Thermal physiology science shows the health threats to workers caused by exposure to heat when doing heavy physical labour. Climate change increases environmental heat levels in most of the world and it is a key issue for climate change and health research. Our model links climate and workforce data (current and predicted) and estimates work capacity loss at individual and population level and related economic loss. The model incorporates climate conditions, population estimates, workforce distributions, heat exposure estimates, exposure-response relationships, and socio-economic impact functions. The basis of the model is occupational epidemiology.

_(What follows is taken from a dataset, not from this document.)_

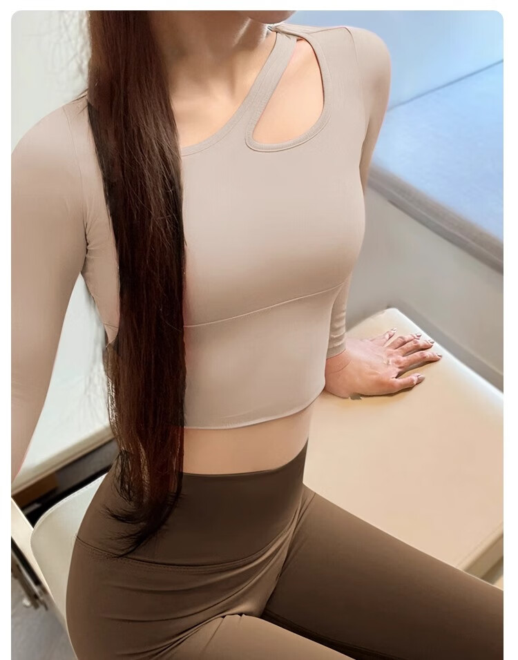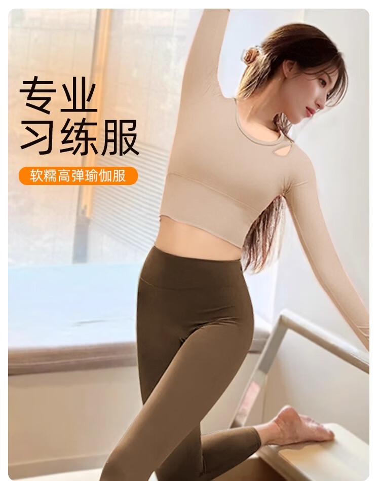 Shuangxiu Beautiful Yoga Wear Set Autumn and Winter High-end Sports Fitness Top with Chest Pad Professional Pilates Training Long Sleeve Rose Pink Top + Haiyueyan Pants Set S 80-100

Much of the data upon which heat stress health risk functions are based comes from thermal physiology laboratory research. While this research has provided valuable information about human function at different heat exposures, the individuals studied are generally not the same mix of ages and physical conditions of typical working populations. Very few published studies have included the quantitative occupational epidemiology analysis needed for climate change related health risk assessments. For example, different model settings produce annual moderate intensity work hours lost due to heat (in the shade) by the 2050s at 0.7%–1.6% for USA and 1.1%–3.0% for China. Many of these lost hours will reduce the annual GDP, estimated at 34 trillion USD in the USA and 58 trillion in China (2050). Even a small loss creates many billion USD of economic losses. Our model can identify evidence missing for reducing the uncertainties in impact estimates, which can guide decisions about climate change mitigation and adaptation.